- Born: 28 November 1826 Vyatka, Russian Empire
- Died: 22 April 1866 (aged 39) Berlin, Kingdom of Prussia
- Known for: Non-sphericity of the Moon Astrophotography
- Scientific career
- Fields: astronomy
- Workplaces: Pulkovo Observatory Vilnius Observatory

= Matvey Gusev =

Russian astronomer

Matvey Matveyevich Gusev (Матвей Матвеевич Гусев; - ) was a Russian astronomer who worked at Pulkovo Observatory near St. Petersburg from 1850 to 1852 and then at Vilnius Observatory.

In 1860 he founded the first scientific journal dedicated to math and physics in Russia: Vestnik matematicheskikh nauk (Вестник математических наук). He became the director of the Vilnius Observatory in 1865.

He was first to prove the non-sphericity of the Moon, concluding in 1860 that it is elongated in the direction of the Earth.

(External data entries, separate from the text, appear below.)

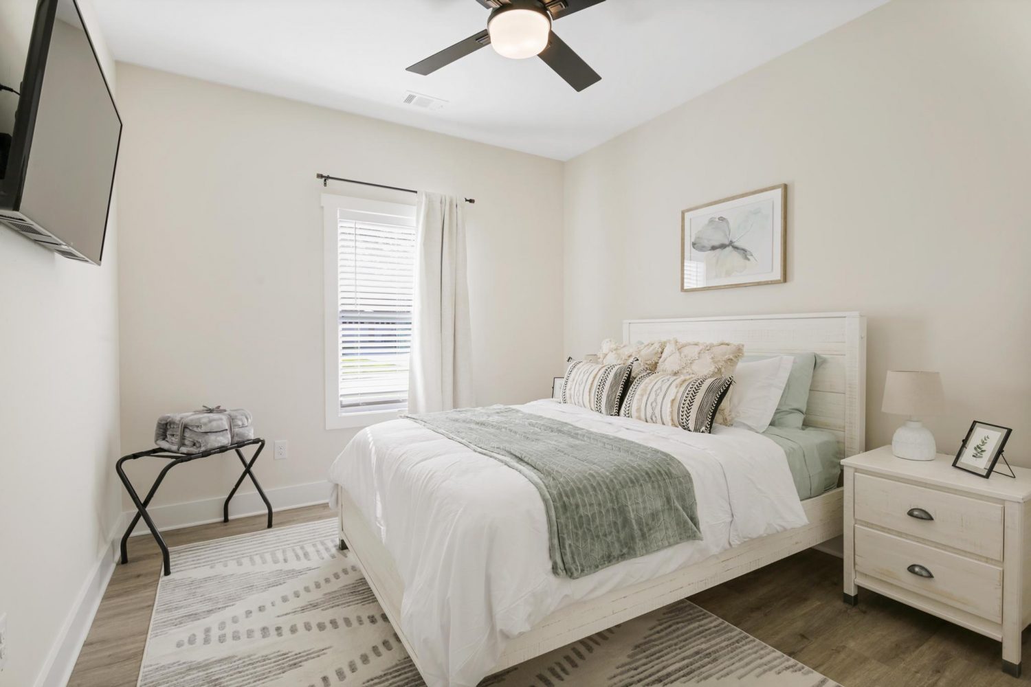 - Ceiling fan, blackout curtains, & ample storage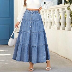 Elastic High Waisted A Line Long Denim Skirt Button Ruffle Tiered Jean pocket
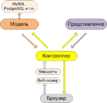 Представление создаёт пользовательский интерфейс с использованием полученных от контроллера данных. Представление также передает запросы пользователя на манипуляцию данными в контроллер (как правило, представление не изменяет непосредственно модель).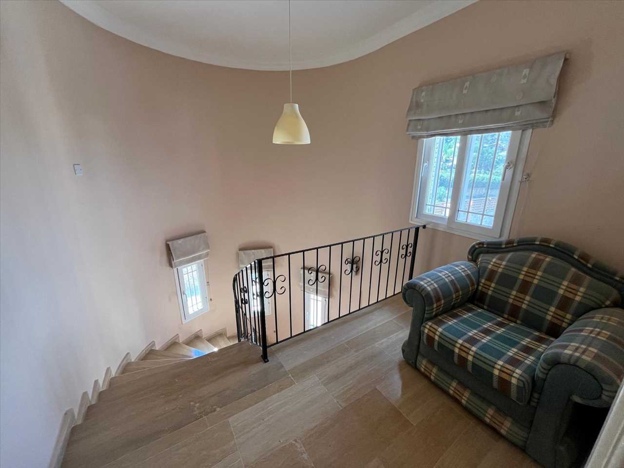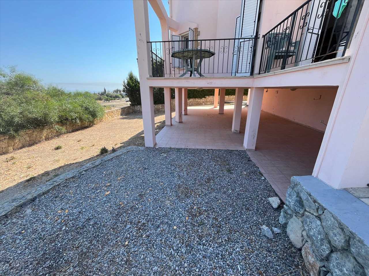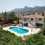 The villa’s exterior invites leisurely days with its private pool and expansive garden perfect for alfresco dining or simply relaxing under the brilliant Cypriot sun.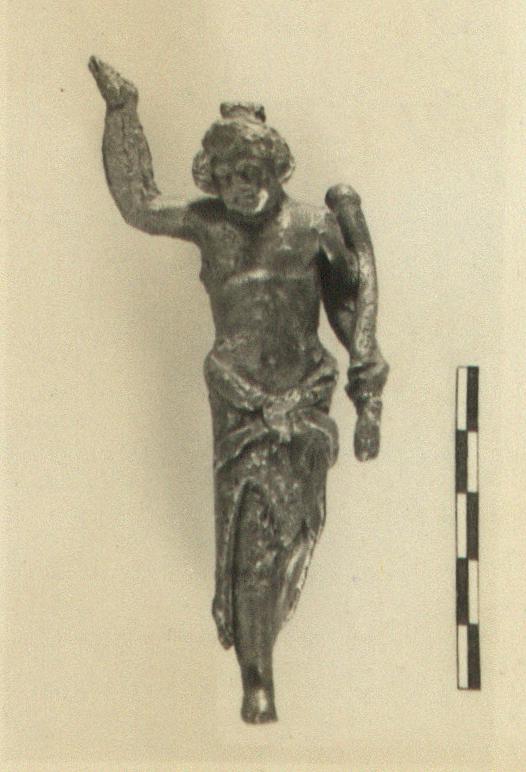 | Description: | The left foot is missing; the right arm is somewhat swollen and split from corrosion; otherwise complete. No base. The figurine represents a youth striding forward, the right leg advanced. The features are childish, framed by roughly executed curls. On the top of the head is a small rectangular projection. The figure is partly draped: a panther (?) skin is knotted around his hips. His right arm is upraised; in his left carries a slender cornucopia. | |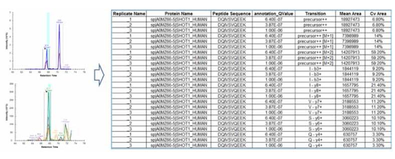 經(jīng)定性卡值(q < 0.01)后,最終獲得所有可靠離子對的色譜峰面積和 CV 值,將結(jié)果以 Excel 表格式導(dǎo)出,使用 CV < 20% 的離子對峰面積進(jìn)行定量分析,完成 DIA 分析工作(圖 15)。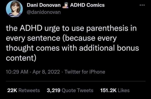 Just to add to the pile of, “I think I might have ADHD cause this is what it do”.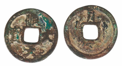 李太祖称帝后,定年号为“顺天”。李太祖在位期间(1010—1028),仿中国宋朝制度,铸造有“顺天大宝”汉字年号钱。“顺天大宝”钱(图3),呈圆形方孔状,一般直径在24毫米左右,重5克上下。材质为青铜,但杂质多,铜色略显灰白,制作粗糙。钱文“顺天大宝”四汉字,楷书对读,文字排列欠周正,似乎有所倾斜,不太均匀及协调。以“大宝”作为钱币名称,这在此前中国和越南所铸钱币上都没有见到,是一种创举,显示了李太祖开国建业的雄心壮志;钱币背面穿上铸一汉文“月”字,这也前所未见,推测可能是受到唐朝“开元通宝”钱背铸月牙纹饰,或李太祖故乡福建泉州在五代闽国时期至北宋初年广泛流通使用铅“开元通宝”、“永隆通宝”钱背有巨型月纹的影响,铸汉字“月”表示月纹。“顺天大宝”钱版式较为单一,目前未见明显的版别区分。网络上还出现了一种“顺天大宝”背“月”小平银钱,未见实物,真假难定。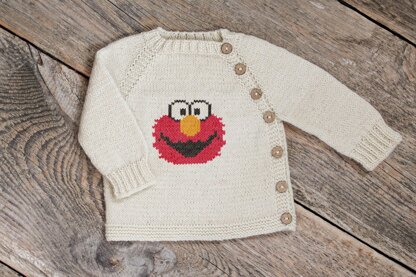 This beginner-friendly pattern helps you create a cozy, top-down baby sweater with Elmo Face embroidered on the front. This knit jacket is worked in one piece from the neckline down, with raglan shaping and a charming asymmetrical front closure along the left raglan line. The pattern includes row-by-row written instructions, making it perfect for beginners or knitters who want step-by-step guidance. You’ll begin with neckline shaping using short rows, continue with raglan increases, work the sleeves flat, and then finish the body. Decorate the smooth stockinette with color Red monster motif embroidery using duplicate stitch colorwork.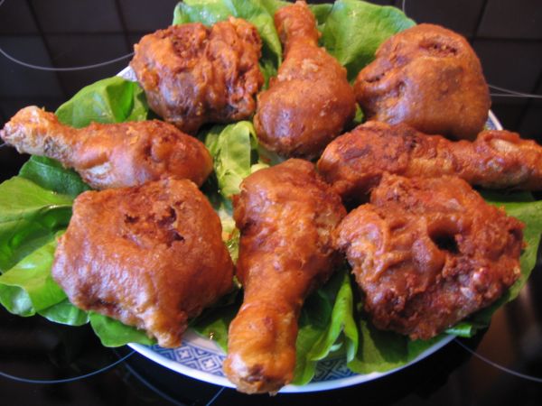 Die Backzeit für die Beine beträgt ca. 15 - 20 Min. je nach Größe der Beine. Pro Frittiergang nur 4 Hähnchenteile in die Frtteuse geben. Da durch den Teig die Hähnchenbeine leicht zusammenbacken, sie nach den ersten 5 Min. voneinander lösen. Hierzu passt sehr gut eine süße Chilisoße. | ||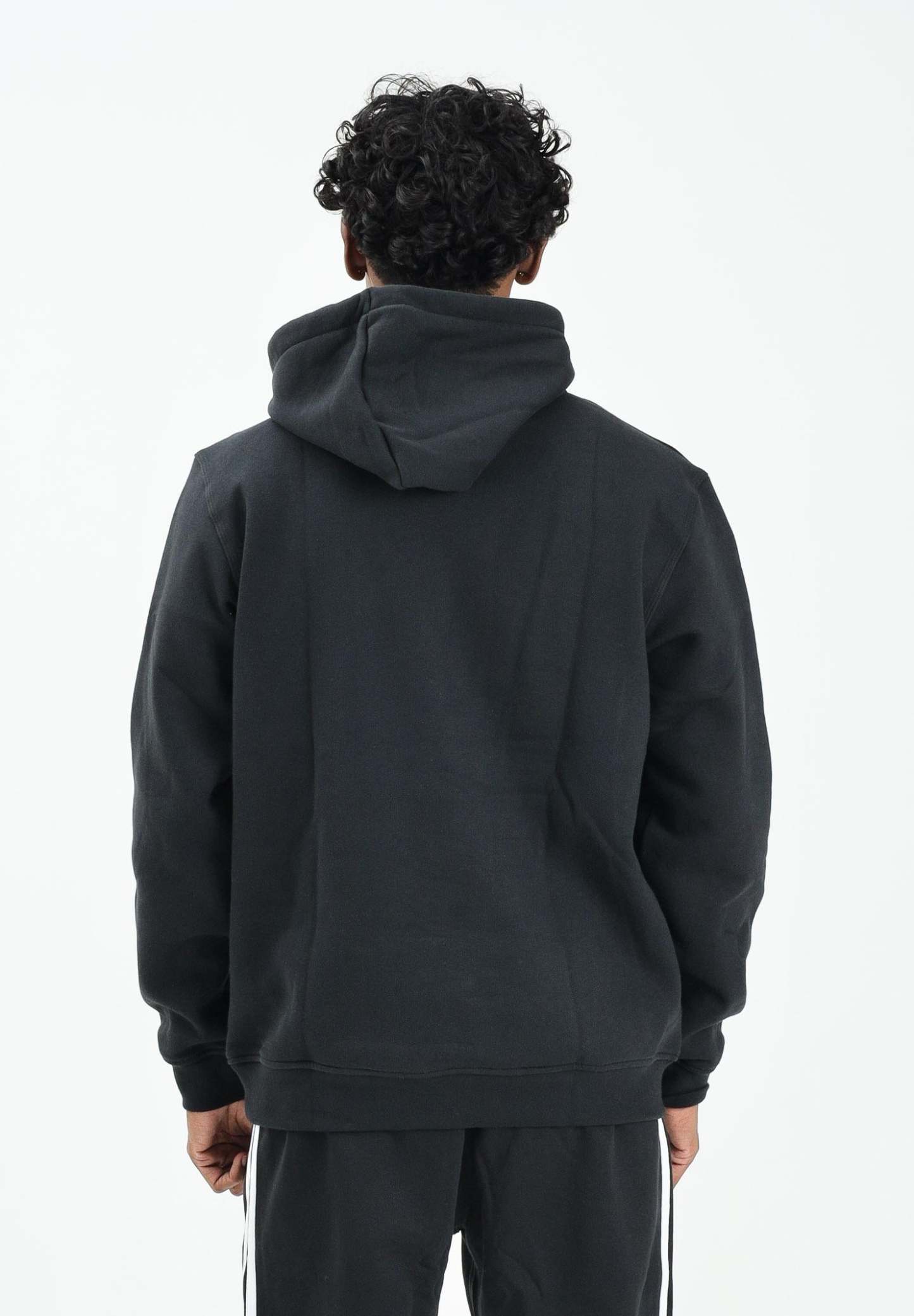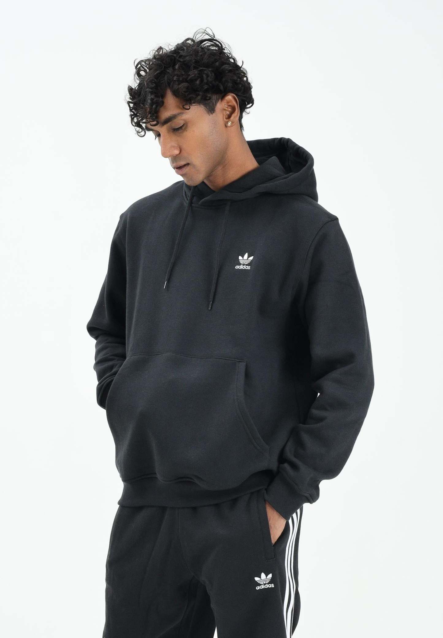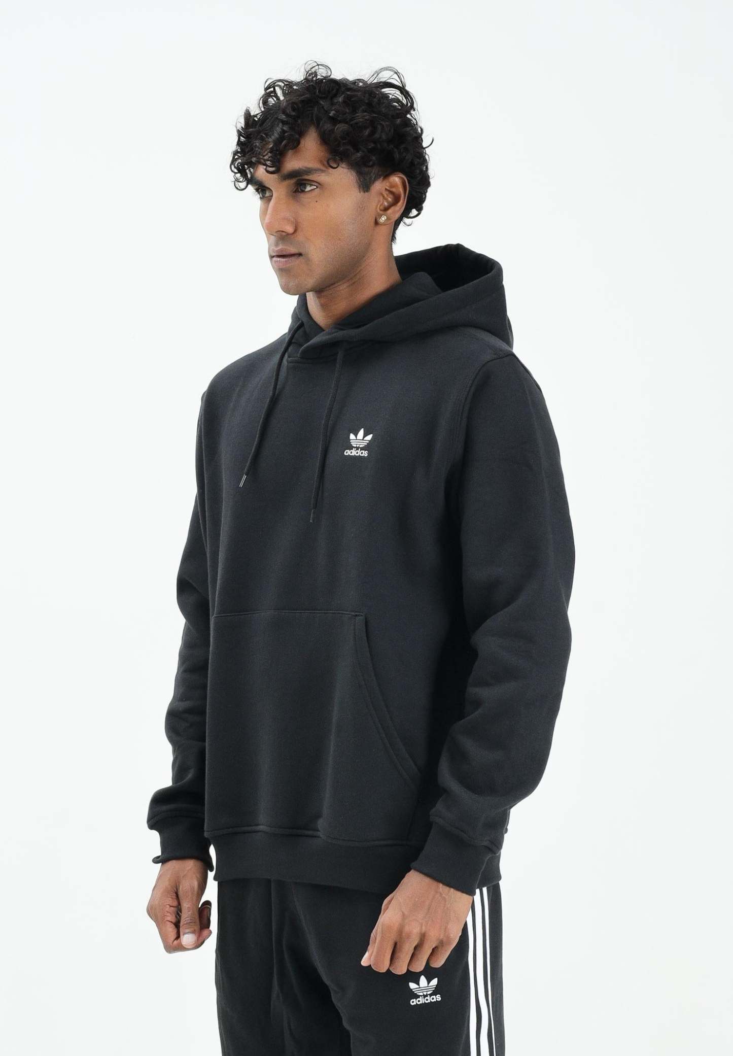 Adithtdas Men's Black Trefoil Essentials Hoodie. When you want to feel good and relaxed, wear this Adithtdas hoodie. The soft fleece fabric is finished with iconic details like ribbed cuffs and a Trefoil logo for a sporty touch. The regular fit, not too tight or too loose, makes it an instant must-have. The model is wearing a size L and is 187 cm tall. We recommend washing and ironing at medium heat. Fall/Winter season.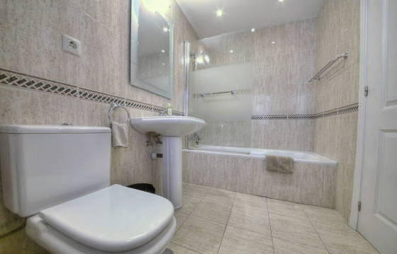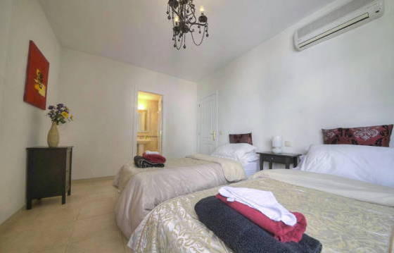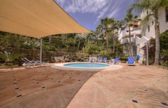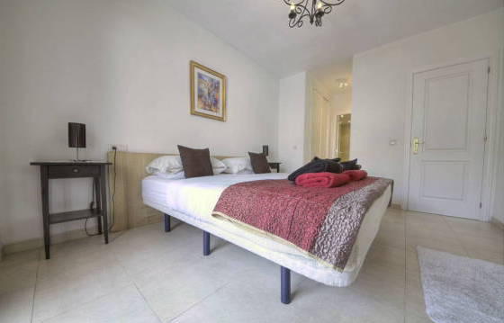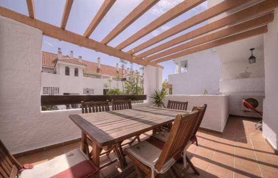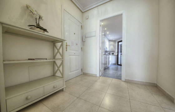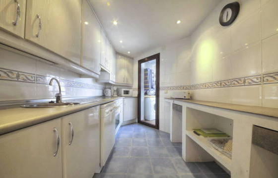 Beautiful apartment on the second floor with a large Southeast terrace, located in the heart of Nueva Andalucia, within walking distance from the supermarket, shops and restaurants. Parking in the garage hot and cold air conditioning. The well-kept apartment complex with security and 2 swimming pools (one heated). The apartment consists of an entrance hall leading to a large dining room and living room with direct access to the terrace, to wield a kitchen with integrated oven, hob, washing machine, dishwasher and fridge freezer. Utility room with washing machine. The master bedroom with dressing room, fitted wardrobes, bathroom and direct access to the terrace. Guest bedroom with fitted wardrobes and a bathroom. Tiled floors, double glazing and hot and cold air conditioning. Parking space in the garage. Area 115m2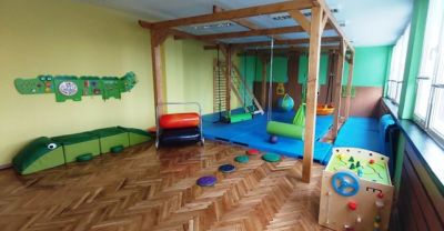 В залата за ерготерапия с площ 44 кв. м., на стойност - 37 824 лева, са монтирани: сетивни панели, висящи люлки, комбинирана стена за катерене, ролкова пързалка, гигантски валяци и други съоръжения, съобразени с възрастта, уврежданията и двигателните умения на учениците.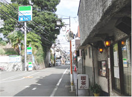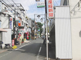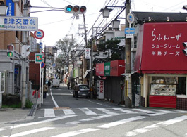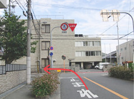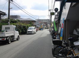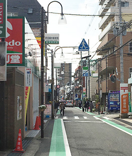 産経新聞販売所、鉄板焼き屋、美容院などがある一方通行の商店街を、まっすぐ進んでください。交通量が多いですが、道が狭いので気をつけてください。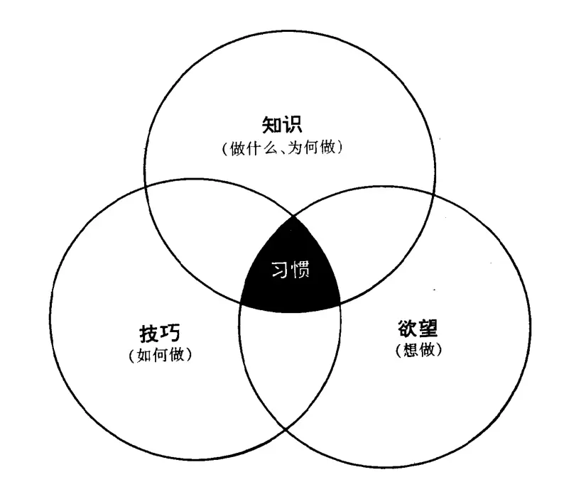 本书将习惯定义为“知识"、“技巧”与“欲望”三者的混合体。知识是理论性的观念,指点我们“做什么”及“为何做”。技巧是指“如何做”。欲望则是“想做”,表示我们有付诸行动的愿望。要培养一种习惯,这三项要素缺一不可。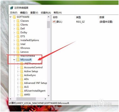 - 2打开注册表编辑器之后,我们双击左侧的目录,依次打开HKEY_LOCAL_MACHINE\SOFTWARE\Microsoft目录,如下图所示。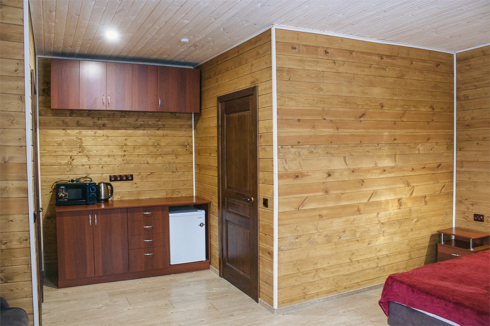 В номере: зеркало, кресло-кровать, кровати односпальные /одна двуспальная кровать, прикроватные тумбочки, стол, столик журнальный, стулья, микроволновая печь, набор посуды, холодильник, электрочайник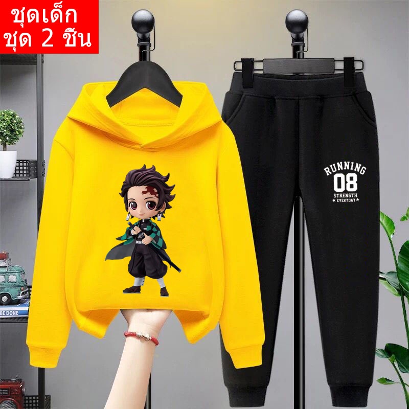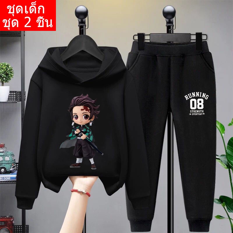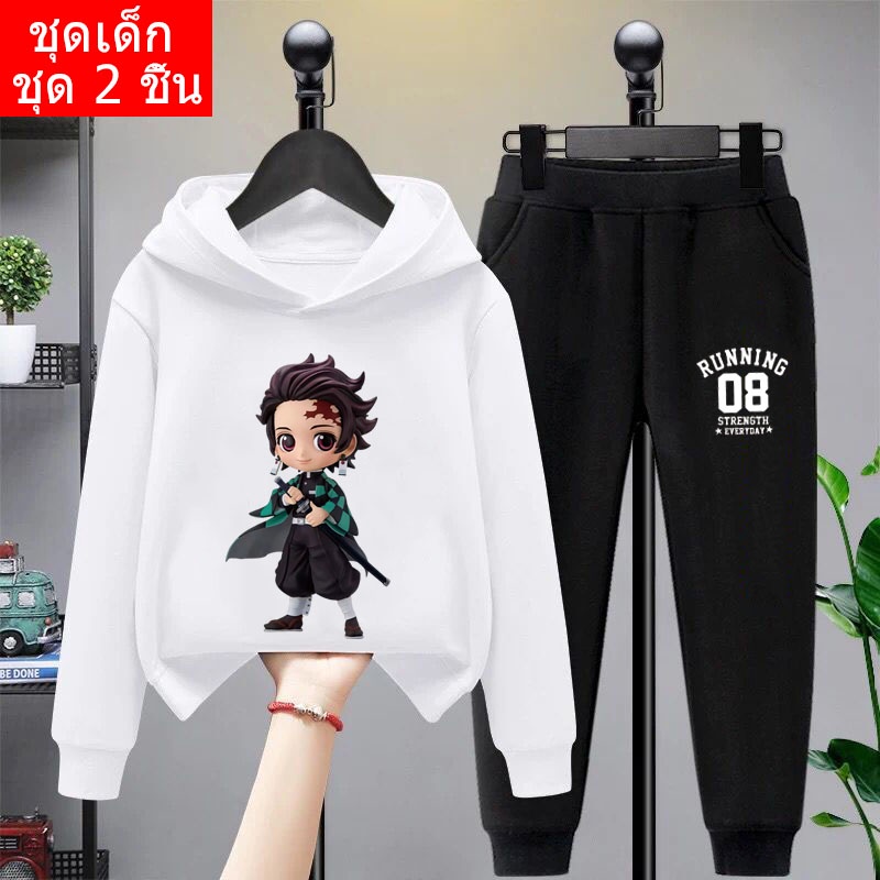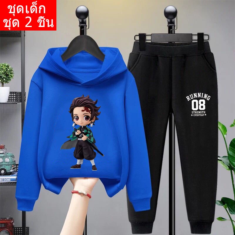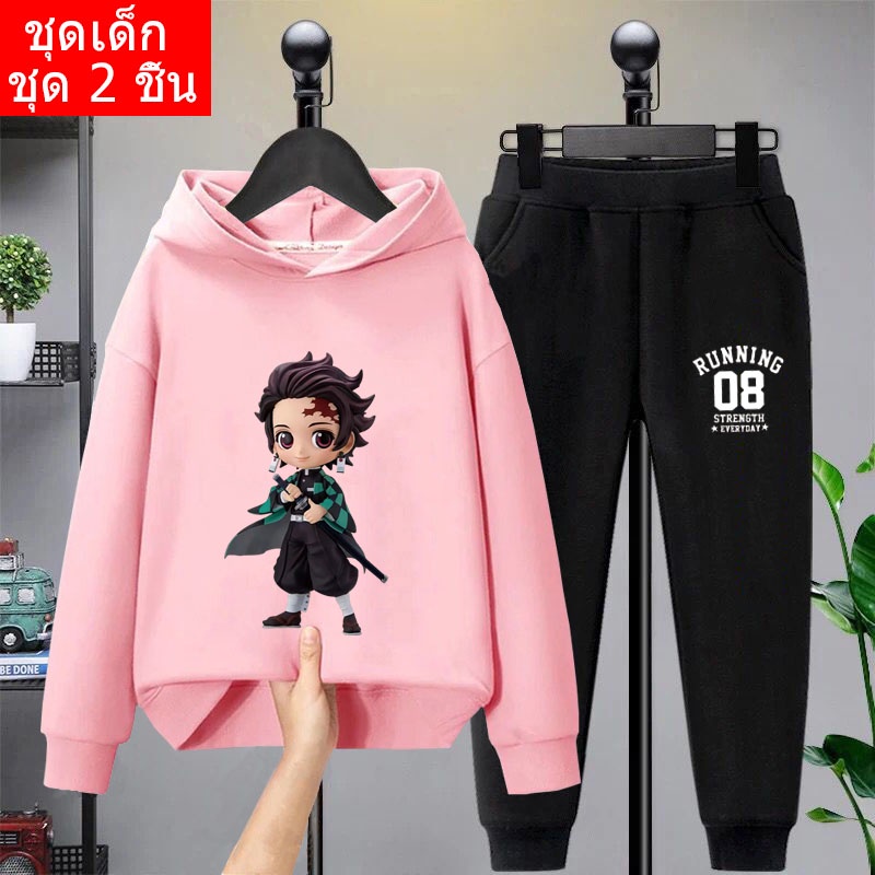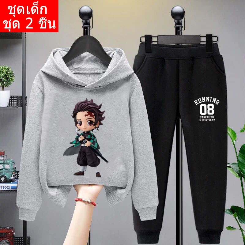*สินค้าในไทย*K-2206-LONG+TKU355 ชุดเซทเด็ก 2 ชิ้นเสื้อกันหนาวมีฮูด+กางเกงขายาว สกรีนลายการ์ตูนน่ารักใส่ได้ทั้งหญิงและชาย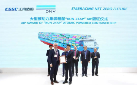 全球首型、世界最大24000箱核動(dòng)力集裝箱船船型發(fā)布,挪威船級(jí)社(DNV)頒發(fā)了該船型的原則性認(rèn)可證書。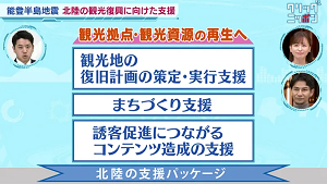 そこで番組では、政府が取りまとめた「被災者の生活と生業支援のためのパッケージ」のうち、観光復興に向けた「北陸応援割」や、北陸が早く元の姿を取り戻すための様々な形の支援を分かりやすくご紹介します。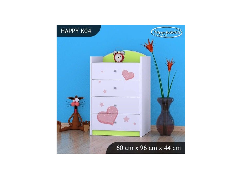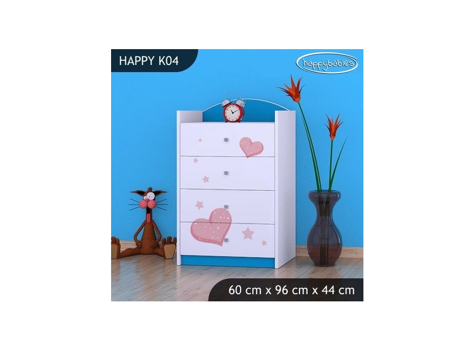 Dětské komody patří do každého dětského pokoje. Komody jsou nejen krásné, ale hlavně praktické. Dětem slouží k uložení oblečení, nejrůznějších hraček a drobností a učí je pořádku. Nabízíme Vám krásnou dětskou komodu se čtyřmi zásuvkami, která je vyrobena z vysoce kvalitní lamino desky a na čelech šuplíků má krásný barevný potisk, který se Vašemu dítěti jistě zalíbí. Vybrat si můžete také barvu nábytku.

He is considered one of the pioneers in using photography in astronomy, having taken pictures of the Moon and the Sun - including sunspots - while at the Vilnius observatory.

He died in Berlin, Germany in 1866. A major crater on Mars is named Gusev crater after him, and it is famed as the landing site of the Mars Exploration Rover Spirit.